Un actor asturiano en nuestras calles

Escribe Antonio J. González

No se sabe en qué barco vino a la Argentina como tantos otros asturianos inmigrantes. Lo que sí podemos afirmar es que fue un actor de la escena y del cine nacional, entreverado también con el movimiento cultural y artístico que asomaba en nuestra ciudad. Residía con su familia en Dock Sud y cultivaba vínculos y afectos en ese rincón de Avellaneda. Nacido en España en 1898, a los 35 años de edad actúa en su primer película: “Dancing” y dos años después, en 1935, en “Noche de Buenos Aires” y “Picaflor”. Por esa época, un cantor morocho, sonriente, “gauchito”, era el furor de todos. Carlos Gardel cruzaba el Puente Pueyrredón con frecuencia hacia la sede de Leales y Pampeanos, los comités de Alberto Barceló o las fondas y escenarios de la ciudad. En varios de esos días y noches, se encontraba con aquel actor, español de origen, y habitual contertulio de los muchachos de Leales o del Teatro Roma. Alguna noche Carlitos cantó, en gesto muy gardeliano, para los “chochamus” que no podían comprar la entrada para sus actuaciones y lo hizo frente a un reducido grupo de jóvenes en una salita cerca del teatro. Entre ellos, estaba el actor asturiano. Severo Fernández era su nombre y aún se lo recuerda en los escenarios porteños o en la memoria de sus compañeros de los sets de filmación.

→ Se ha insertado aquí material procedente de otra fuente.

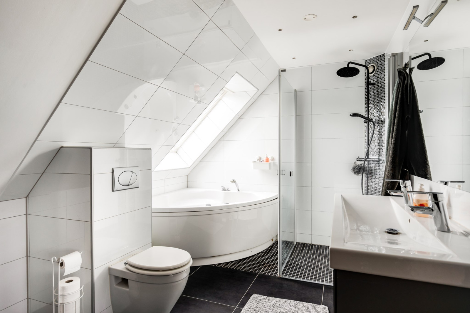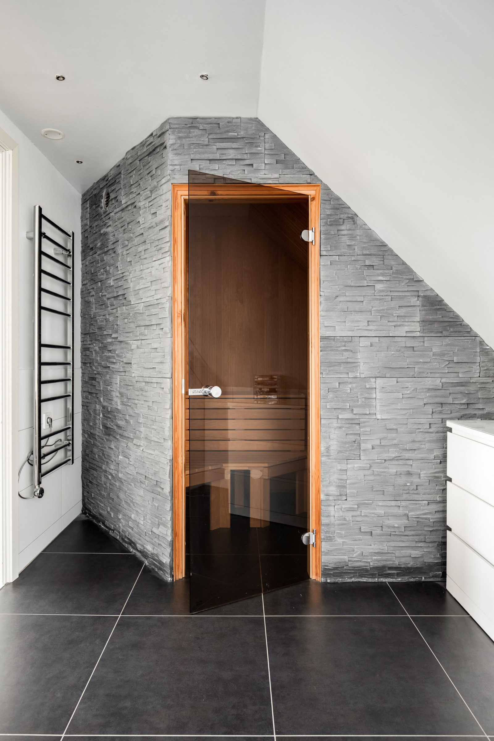 Badrummet på övre plan bjuder på en lyxig känsla med kakel och klinker i tidlös svartvitt kontrast. Här finns både en generös duschhörna med glasväggar och ett inbjudande hörnbadkar – perfekt för avkoppling. Den välplanerade bastun adderar en extra dos av vardagslyx. Ett badrum där varje detalj bidrar till en känsla av välbefinnande och exklusiv ro. Utrustat med tvättställskommod med dubbla kranar, spotlights, handdukstork och golvvärme.
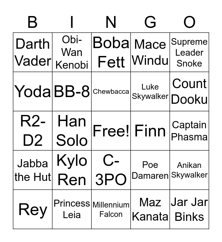 This bingo card has a free space and 24 words: Kylo Ren, Princess Leia, Chewbacca, Rey, Supreme Leader Snoke, Darth Vader, Yoda, Obi-Wan Kenobi, Finn, C-3PO, Luke Skywalker, R2-D2, Poe Damaren, Anikan Skywalker, BB-8, Maz Kanata, Captain Phasma, Boba Fett, Count Dooku, Han Solo, Jar Jar Binks, Jabba the Hut, Mace Windu and Millennium Falcon.
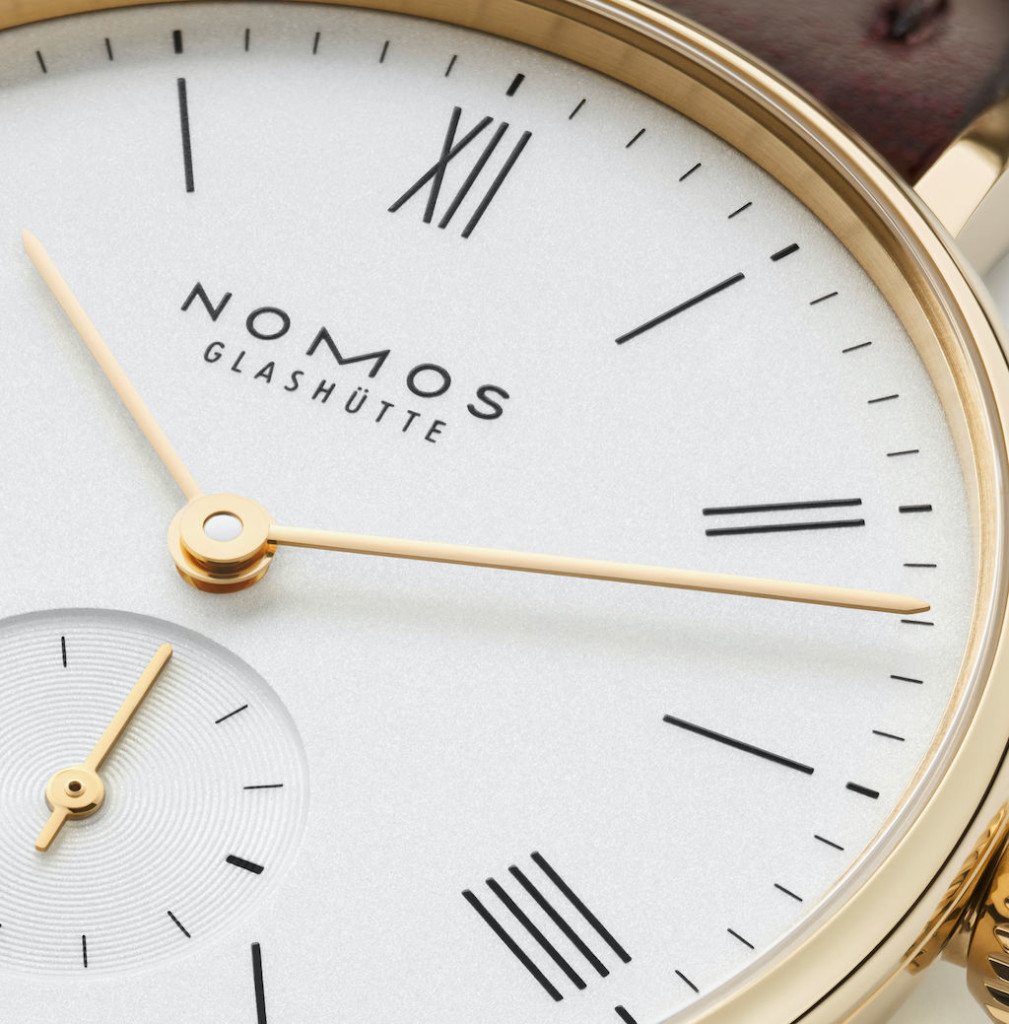The dial is as equally stand-out as the gold case, finished in white silver-plating and dressed in minimalistic hardware for the telling of the hours, minutes and small seconds. At the centre of the NOMOS Ludwig Gold 33, two impressively slender hands demonstrate the hours and minutes while a third gold marker is placed at the centre of the snailed subsidiary dial for the seconds at 6 o’clock. The seconds track, minutes track and large Roman numerals are printed in black for the ultimate contrast against the crisp white backdrop.

Durante más de dos décadas se sucedieron muchos títulos en su filmografía y actuaciones teatrales. Entre las películas podemos nombrar: Jettatore, 1938; Los pagarés de Mendieta y La mujer y el jockey, 1939; La luz de un fósforo, 1940; El tesoro de la Isla Maciel, 1941; La calle Corrientes, 1943; La rubia Mireya, 1948; La historia del tango, 1949: Derecho viejo, 1951; El patio de la morocha y El honorable inquilino, 1951, entre otras. Como vemos algunas de ellas son memorables testimonios del cine argentino.

Actuó junto a los primeros actores y actrices de su época. Lo hizo con Tito Lusiardo, Pedro Quartucci, José Marrone, Alberto Anchart, Zully Moreno, Tita Merello, Narciso Ibañez Menta, Carlos Enríquez, Héctor Quintanilla, Marcelo Ruggero, y muchos otros. Intervenía especialmente en los repartos como generador de situaciones cómicas, destinadas a provocar a veces la sonrisa y, en ocasiones, la franca carcajada.

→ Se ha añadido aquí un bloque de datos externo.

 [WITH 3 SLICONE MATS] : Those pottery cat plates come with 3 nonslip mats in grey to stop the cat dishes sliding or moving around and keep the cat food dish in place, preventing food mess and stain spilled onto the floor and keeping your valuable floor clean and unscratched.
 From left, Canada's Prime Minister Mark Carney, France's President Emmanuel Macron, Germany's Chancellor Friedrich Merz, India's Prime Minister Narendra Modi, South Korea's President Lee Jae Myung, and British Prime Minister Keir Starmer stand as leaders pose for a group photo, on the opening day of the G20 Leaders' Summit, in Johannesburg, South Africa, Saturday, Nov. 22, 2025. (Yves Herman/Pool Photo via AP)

En los ’30, la mayoría de ellos provenía de los sectores más bajos de la población pero no dejaban de lado sus orígenes. Con esto se quiere decir que trabajaban en el cine o el teatro para un auditorio que estaba esperando para entretenerse y olvidar, refugiarse de una vida cotidiana de carencias y violencia social, en época de crisis y desempleo. Por lo demás, muchos de esos actores eran subvalorados por sus pares, “los cómicos” les decían con desdén los grandes divos dramáticos de la época.

Severo Fernández no abandonó nunca a su querido Doque. Muchos de sus vecinos lo recordaban con su andar campechano, su gracia hispana, mezclada con un porteñismo adoptado que le daba muy buenos resultados en los teatros de Buenos Aires o en las películas.

Severino, era su verdadero nombre, falleció a los 63 años de edad. La noticia acongojó a su barrio ribereño, a los amigos de esta orilla del Riachuelo y a sus compañeros de las tertulias y encuentros de nuestra ciudad. También a los muchos argentinos que seguían sus historias a través de la pantalla grande o los tablados del Comedia o el Maipo. Es una de las glorias que rescatamos de algún archivo de la memoria.